Bruno and Fletcher come with me, along with the dog Lion and the page-boy Lukas. Today I took him to pay his respects to his mother, to see that they were paid. She is a large-breasted comfortable-looking woman, who does not often stand up. At least, she was sitting when we came, and sent one of her daughters to open the door; and did not leave her sofa once in the course of our visit. It was another daughter who served us tea and dates. But she wept freely, and under this provocation, the boy wept, too. ‘You will see that he does not dishonour us,' she said. (They are after all a fierce people!) ‘If he dies, he should die as his father did.' His sisters clung to him and kissed his face and lips.

I promised to present myself foremost to every danger. Afterwards, we went to inspect the boats, and he stood by my shoulder, a little behind, to escape showing his eyes to the crew.

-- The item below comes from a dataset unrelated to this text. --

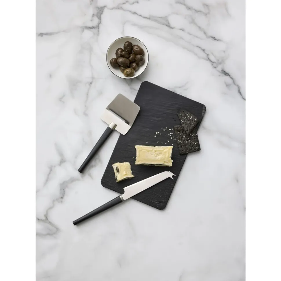Den klassiske ostehøvl egner sig til faste oste, og det brede blad med det skarpe skær håndterer nemt osteskiven, uden at du behøver at bruge fingrene.

It is imagined that we shall attempt either Patras or the castles on the Straits; and it seems, by most accounts, that the Greeks, or at any rate, the Suliotes, expect that I should march with them. I have been running in my mind through the ranks of poets who have died in battle (or its consequences): there are Kleist, Korner, Kutoffski and Thersander; Garcilasso de la Vega. If the wind is favourable, we sail tomorrow – it wants but two days until the new year. God knows why I am going, though after all, it is better to be playing at nations than gaming at Almacks or Newmarket or piecing or dinnering. I have hopes that the cause will triumph, but whether it does or no, still ‘Honour must be minded as strictly as a milk diet.' I trust to observe both.

***

Our passage was not uneventful. We set sail a little after sunset. The air was fresh but not sharp, and the sailors' voices (for they were most of them singing) rang faintly against the clear sky. The mistico was the fastest and soon out-paced Pietro's ‘bombard'. Until the waves separated us, we fired pistols and
carabines
into the night, calling out, ‘Tomorrow we meet at Missolonghi – tomorrow.'

At two in the morning, we came in sight of a frigate, which I took at first to be Greek (it was within pistol shot), until the captain assured me it was not. But we kept very still and the dogs (who had been barking all night) were equally quiet, and managed to evade them. At dawn, we stood out a little way from the coast and saw two large ships – one of them chasing Pietro's bombard (which, after all, is the more valuable vessel, containing not only my horses, negro, steward and
Stanhope's press
, but eight thousand dollars of mine, with which I meant to make up the arrears of the soldiers' pay), and the other lying wait in front of the port. It appears (though I learned this only later) that several of the Greek ships, which had been guarding the entrance, had turned tail at the sight of the Turks
in protest, because they could not wait
– to be paid, that is.

By this stage I had begun to have serious concerns for the safety (not of myself, which matters little to me), but of my page, who would be most in danger in the event of our capture,
morally
as well as physically. The Turkish treatment of their prisoners of war, especially of young boys, is rather to be avoided. I would sooner cut him in pieces than have him taken by those barbarians. Besides, I had promised his mother to do everything in my power; so we ran up a creek (the Scrofes, I believe) and landed Lukas and one of the crew, with some money for themselves and a letter for Stanhope, and sent them up the country to Missolonghi. Lukas was at first very unwilling to leave the boat, until I explained to him the nature of the danger he faced – that was particular to
him
; at which he said very little but agreed to go.